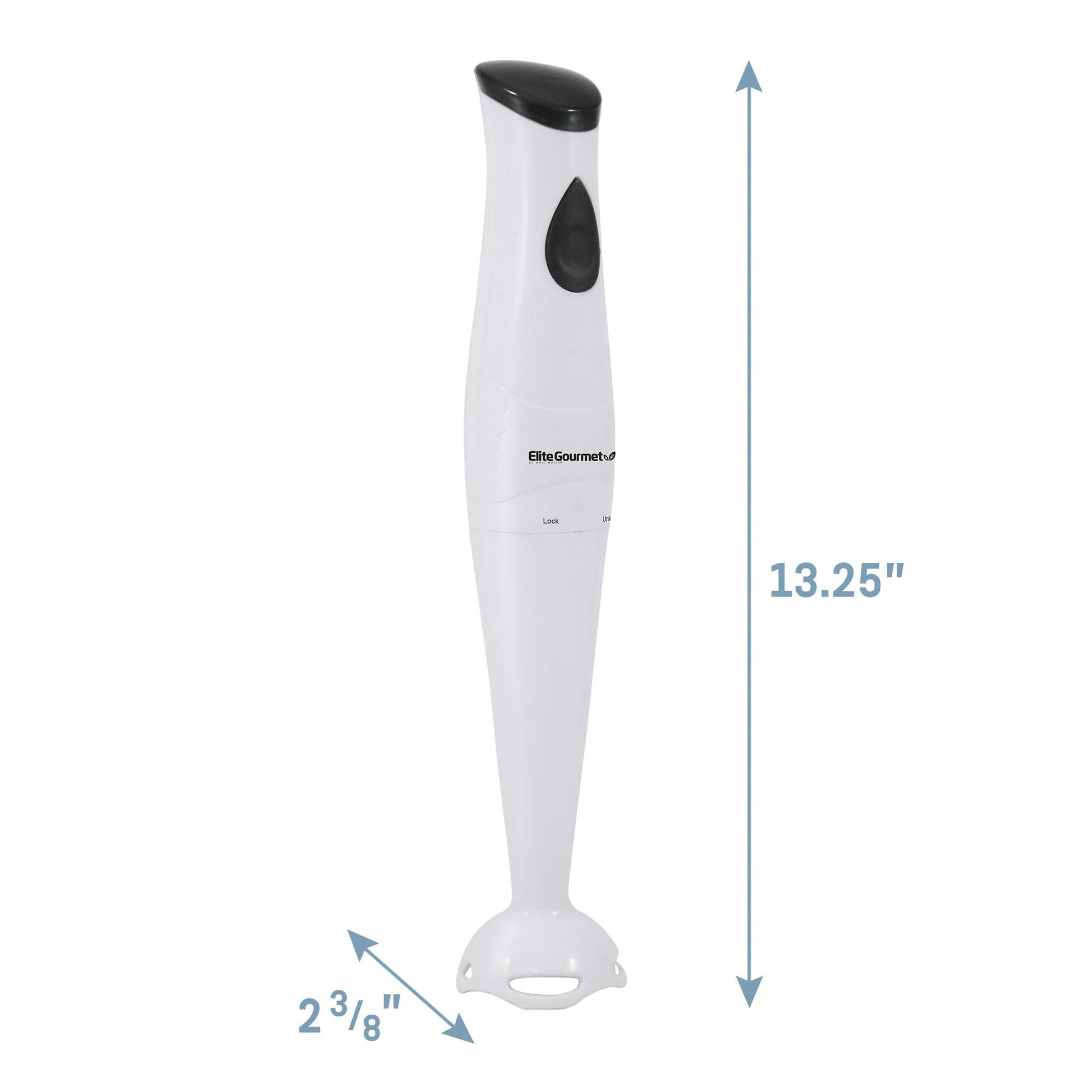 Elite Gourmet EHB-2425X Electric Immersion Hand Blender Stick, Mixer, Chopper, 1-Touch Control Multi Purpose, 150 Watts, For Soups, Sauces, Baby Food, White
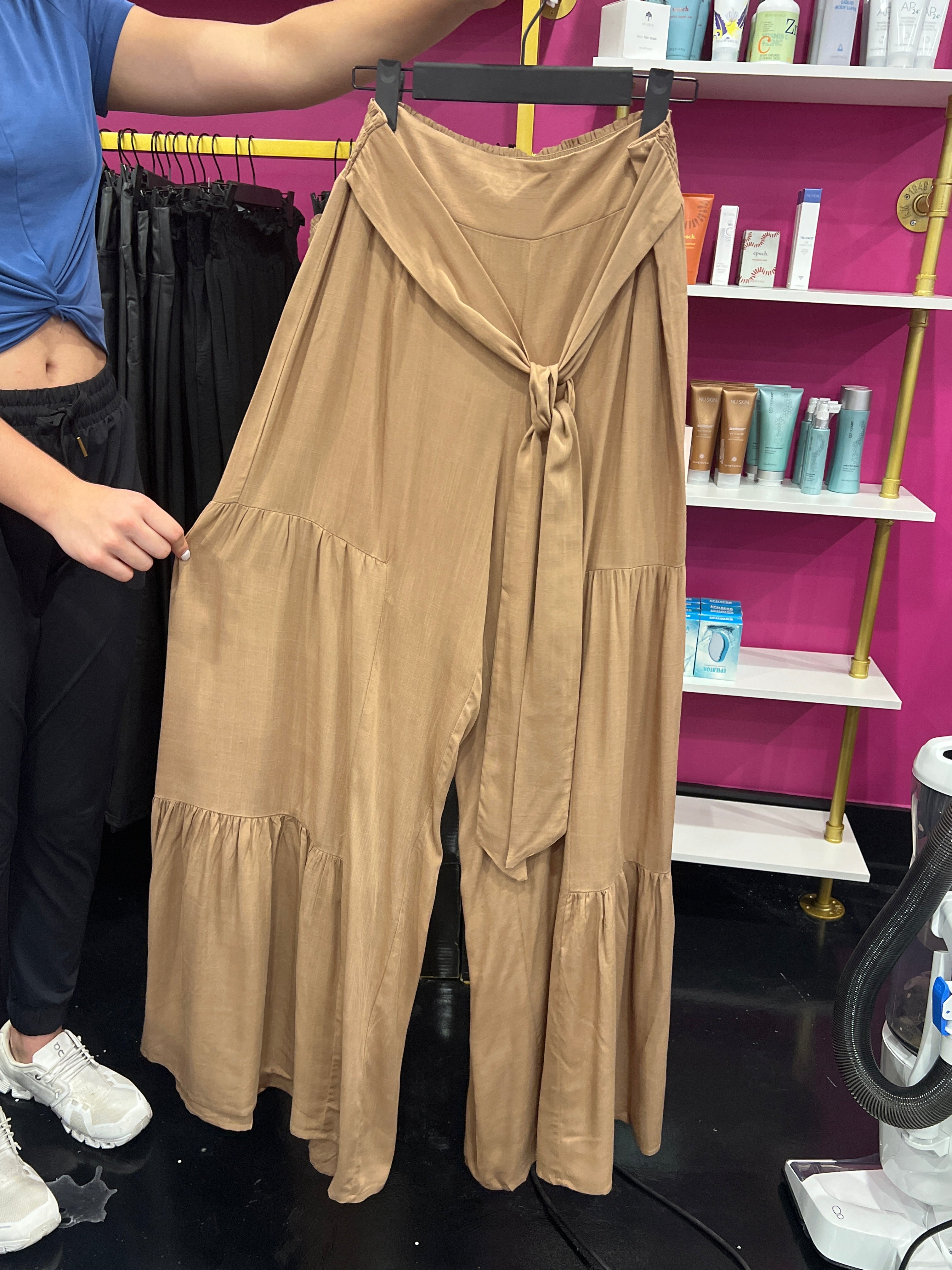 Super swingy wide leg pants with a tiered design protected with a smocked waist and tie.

---

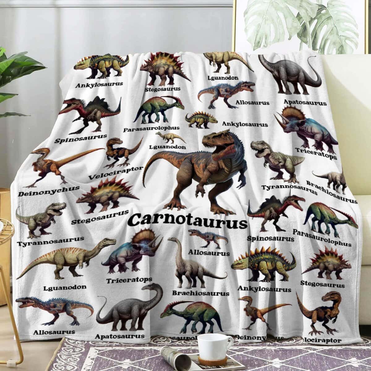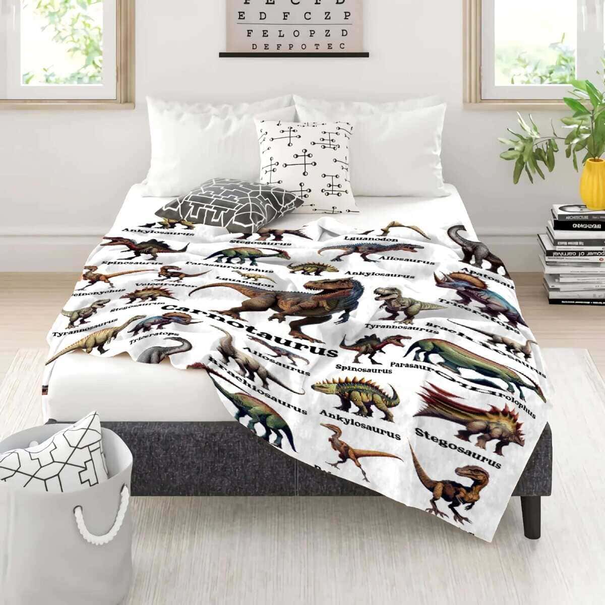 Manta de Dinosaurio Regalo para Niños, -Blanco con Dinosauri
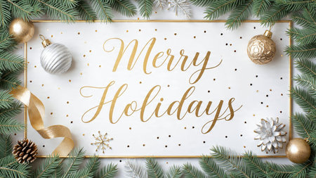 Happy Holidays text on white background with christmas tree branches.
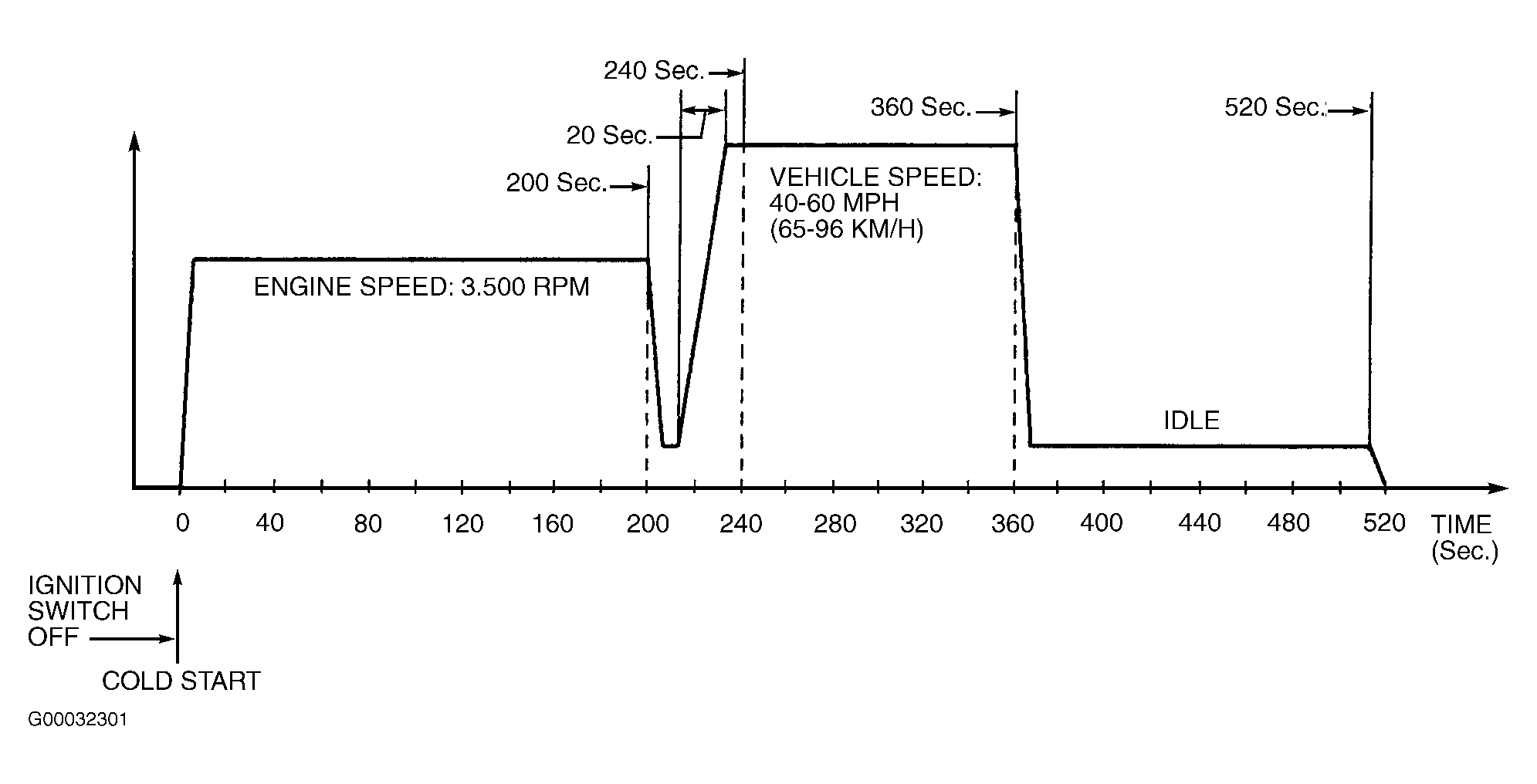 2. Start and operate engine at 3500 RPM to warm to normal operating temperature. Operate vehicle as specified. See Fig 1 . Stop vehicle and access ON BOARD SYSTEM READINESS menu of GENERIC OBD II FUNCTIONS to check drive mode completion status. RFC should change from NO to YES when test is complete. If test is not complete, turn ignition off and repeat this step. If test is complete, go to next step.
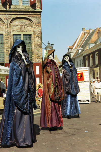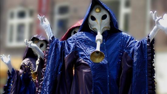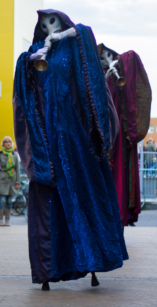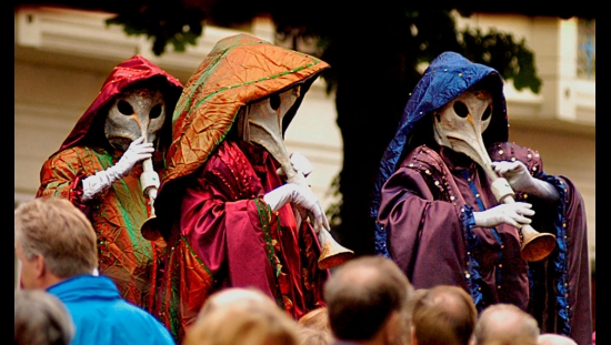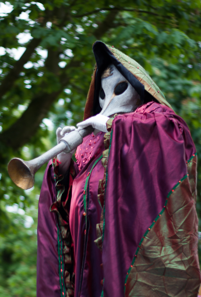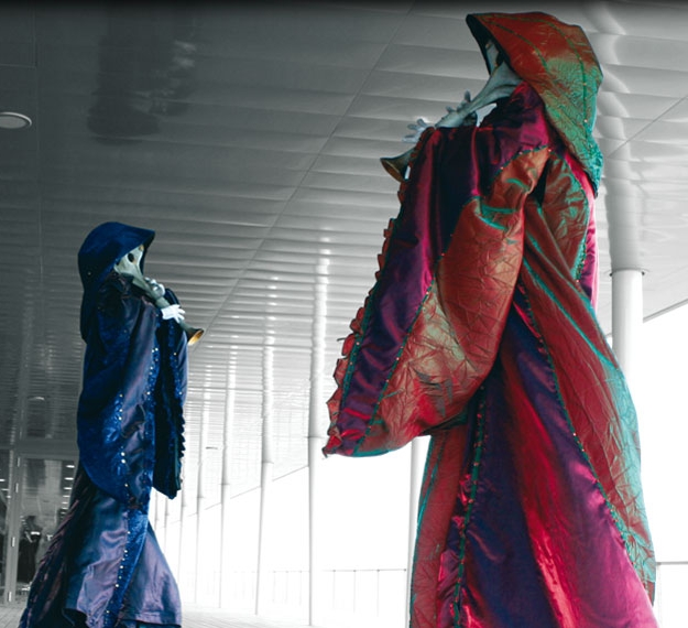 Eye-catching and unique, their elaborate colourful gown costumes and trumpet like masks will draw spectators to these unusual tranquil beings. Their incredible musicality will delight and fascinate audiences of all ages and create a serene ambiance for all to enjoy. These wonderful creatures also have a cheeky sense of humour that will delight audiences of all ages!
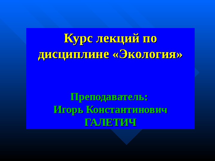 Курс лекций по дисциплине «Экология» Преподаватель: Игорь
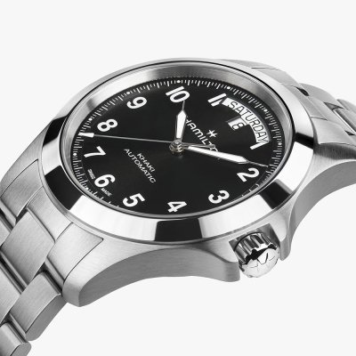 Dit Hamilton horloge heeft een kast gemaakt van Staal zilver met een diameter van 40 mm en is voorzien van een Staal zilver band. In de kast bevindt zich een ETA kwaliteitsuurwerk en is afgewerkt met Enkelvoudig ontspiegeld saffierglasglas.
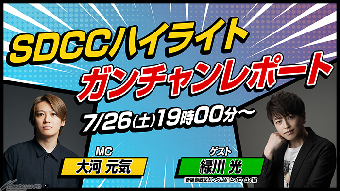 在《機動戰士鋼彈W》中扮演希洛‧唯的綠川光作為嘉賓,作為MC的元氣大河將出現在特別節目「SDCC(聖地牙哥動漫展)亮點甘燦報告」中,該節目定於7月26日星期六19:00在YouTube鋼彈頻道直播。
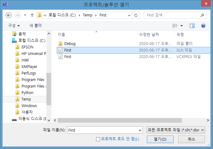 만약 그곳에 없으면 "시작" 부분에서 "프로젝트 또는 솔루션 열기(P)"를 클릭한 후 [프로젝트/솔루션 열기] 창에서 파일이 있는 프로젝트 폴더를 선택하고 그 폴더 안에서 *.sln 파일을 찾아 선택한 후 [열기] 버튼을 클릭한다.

◆ WHAT THE TASK ASKS ◆
Within the listing above, extract exactly the lines that run from the one containing "Курс лекций по" through the one containing "[열기] 버튼을 클릭한다.", excluding any pictures.

◆ FINISHED TASK ◆
 Курс лекций по дисциплине «Экология» Преподаватель: Игорь
 Dit Hamilton horloge heeft een kast gemaakt van Staal zilver met een diameter van 40 mm en is voorzien van een Staal zilver band. In de kast bevindt zich een ETA kwaliteitsuurwerk en is afgewerkt met Enkelvoudig ontspiegeld saffierglasglas.
 在《機動戰士鋼彈W》中扮演希洛‧唯的綠川光作為嘉賓,作為MC的元氣大河將出現在特別節目「SDCC(聖地牙哥動漫展)亮點甘燦報告」中,該節目定於7月26日星期六19:00在YouTube鋼彈頻道直播。
 만약 그곳에 없으면 "시작" 부분에서 "프로젝트 또는 솔루션 열기(P)"를 클릭한 후 [프로젝트/솔루션 열기] 창에서 파일이 있는 프로젝트 폴더를 선택하고 그 폴더 안에서 *.sln 파일을 찾아 선택한 후 [열기] 버튼을 클릭한다.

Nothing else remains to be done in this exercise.